Alice: Madness Returns sees Alice wandering through the streets of London and continuing to hallucinate, and a terrible evil arising in her mind once again. It's an evil that makes a little less sense this time around, but to say any more would be to spoil some of what little there is to be spoiled in this game. Madness Returns has a lot of problems, but they can all be summarised in a suitably nonsensical way: this game is nowhere near mad enough, and it's also not quite sane enough.
Let's start with the latter: it not being sane and sensible enough.
Simply put, this is just not a great example of ordinary, tried-and-tested game design. Each level of Madness Returns is broadly split into platforming segments, puzzles and combat. The level design of the platforming sections is fine, in the sense that you can and will jump from one floating platform to another without clipping through the floor, but it's mostly uninspired. Similarly, the puzzles are of that sad breed where they don't involve any actual brainpower - you'll find a lever or button, use it, and it will open up a new path through the level that will speed you onwards.

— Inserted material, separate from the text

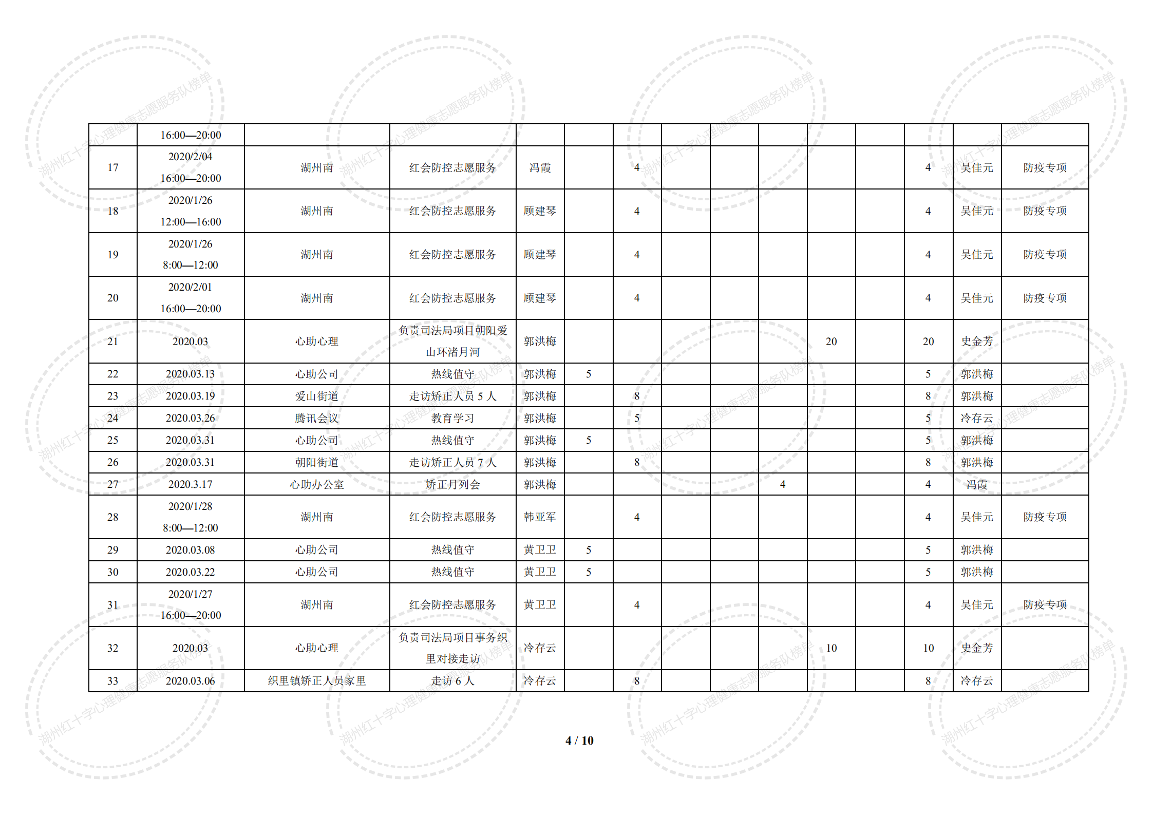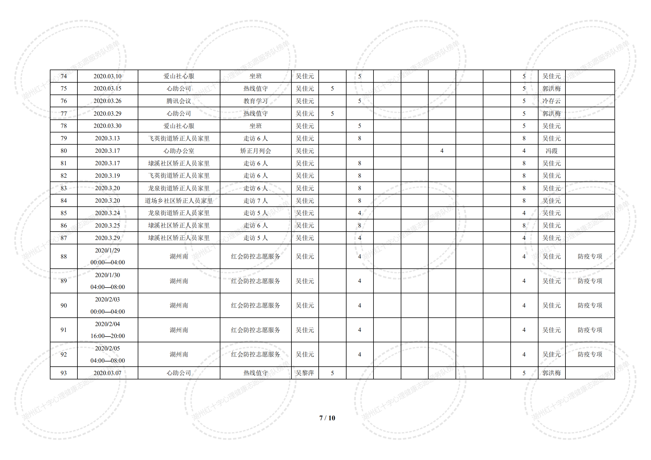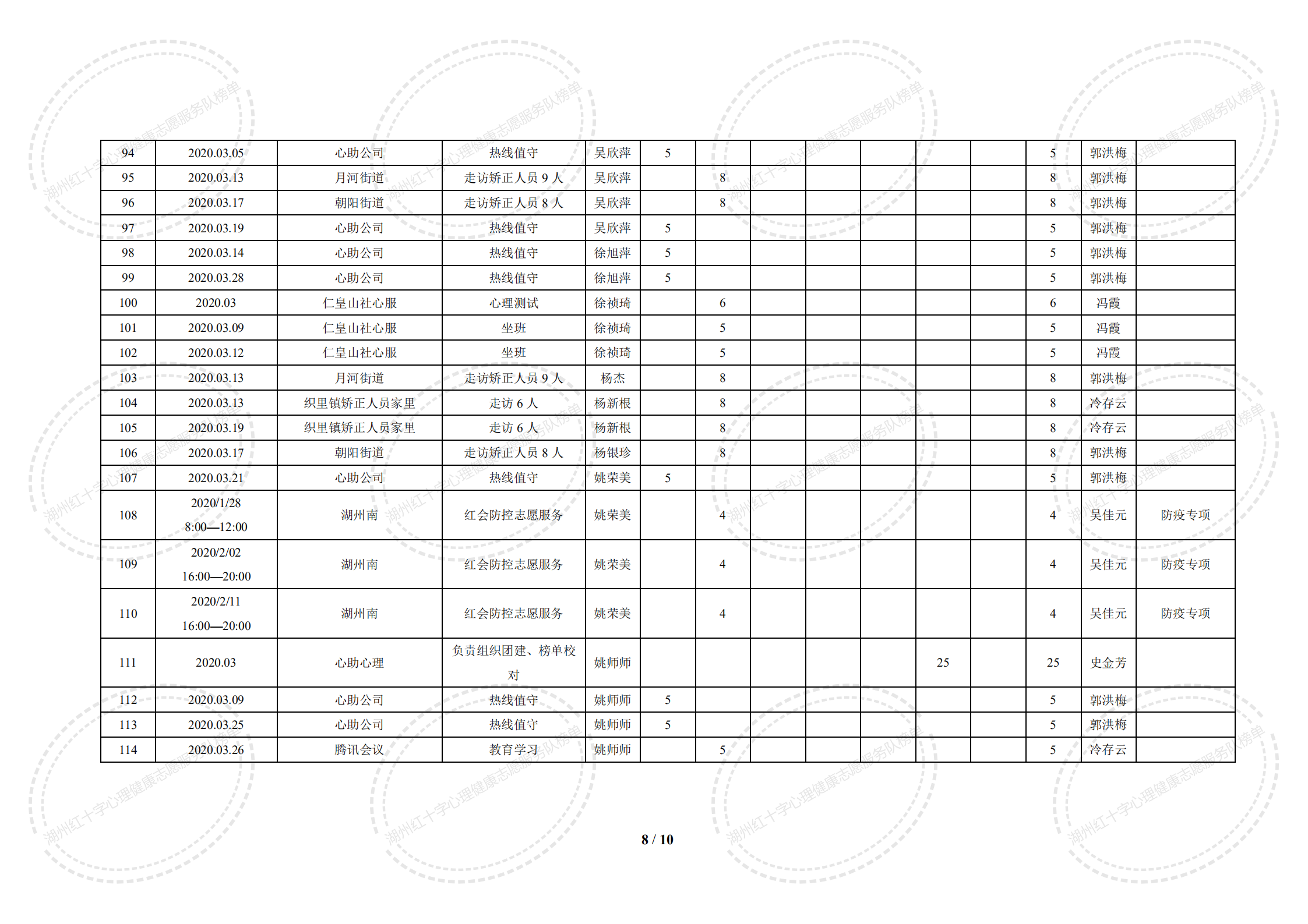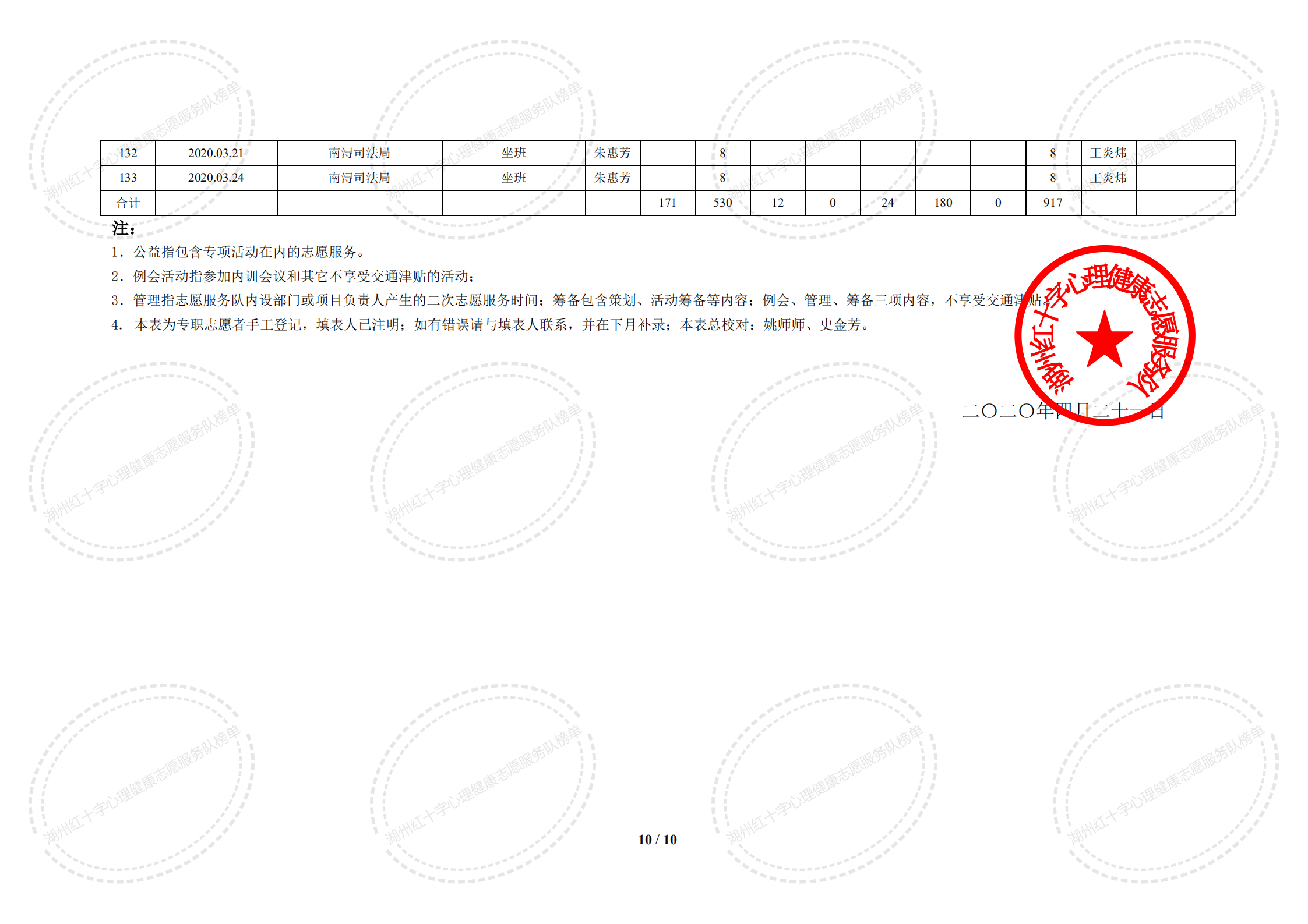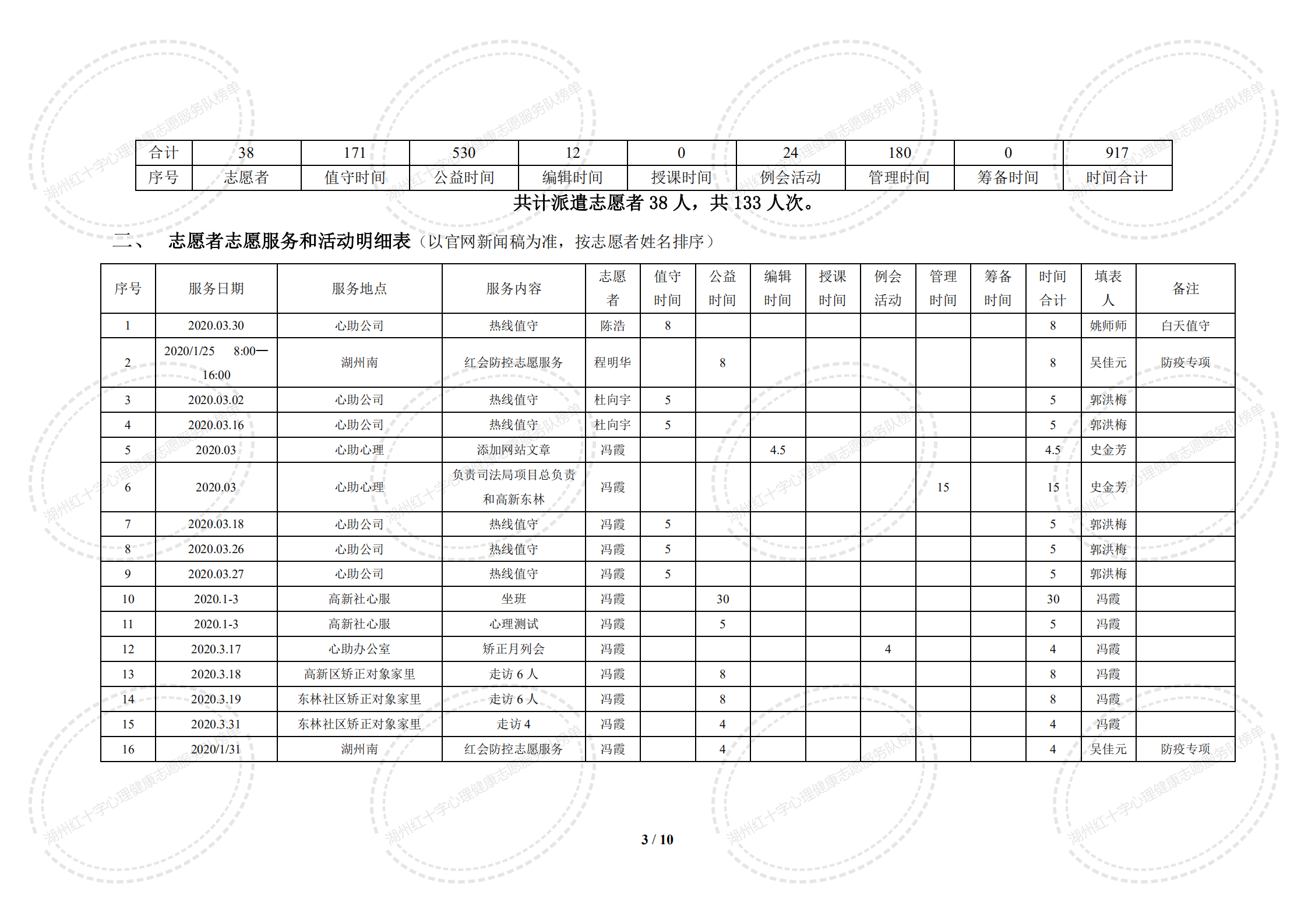 2020年3月湖州红十字心理健康志愿服务队榜单
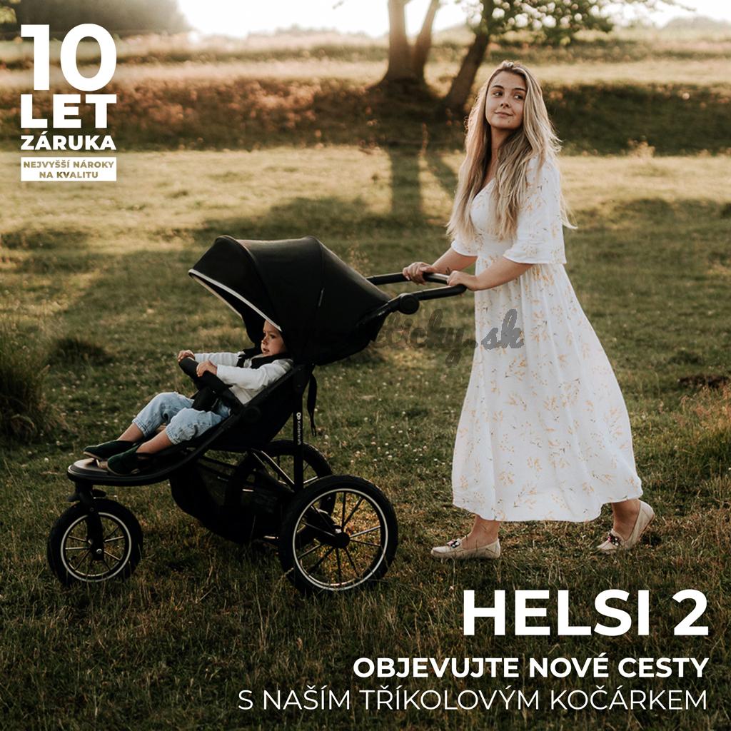HELSI 2 je terénny kočík pre ľudí, ktorí milujú aktivitu na čerstvom vzduchu. Odolný rám a trojkolesová konštrukcia zaisťujú bezpečnosť detí približne do 5 rokov. S HELSI 2 budete môcť aktívne tráviť čas vonku spolu so svojím dieťaťom.

There are plenty of tiny, hidden side paths throughout each level that reward curious players, but the rewards often aren't worth the time spent traipsing to get them. You might find a 'Memory', representing a tiny scrap of dialogue from Alice's history, and you'll probably find an arbitrary number of the teeth used to pay for weapon upgrades that may or may not justify your time spent getting to them. Weirdest of all, you might find one of the game's hundreds of bottles. I collected these with the eagerness of a boy scout until I realised that they served no purpose at all.
Where Madness Returns does shine is in its combat, which offers polished, weighty action that can be tremendously rewarding on those occasions when you emerge from a crowd of enemies without a scratch.
Each of Alice's weapons, which range from a Pepper Pot gatling gun to a deflective umbrella, is mapped to a different button. And while each fight is only ever as complicated as using the right weapon on the right enemy at the right time, things can get tense once you've got several different enemies all circling you. In what is either an homage to or a blatant theft from Bayonetta, Alice actually dodges by morphing into a cloud of butterflies, accompanied by a bit of slo-mo if you dodge at the last second.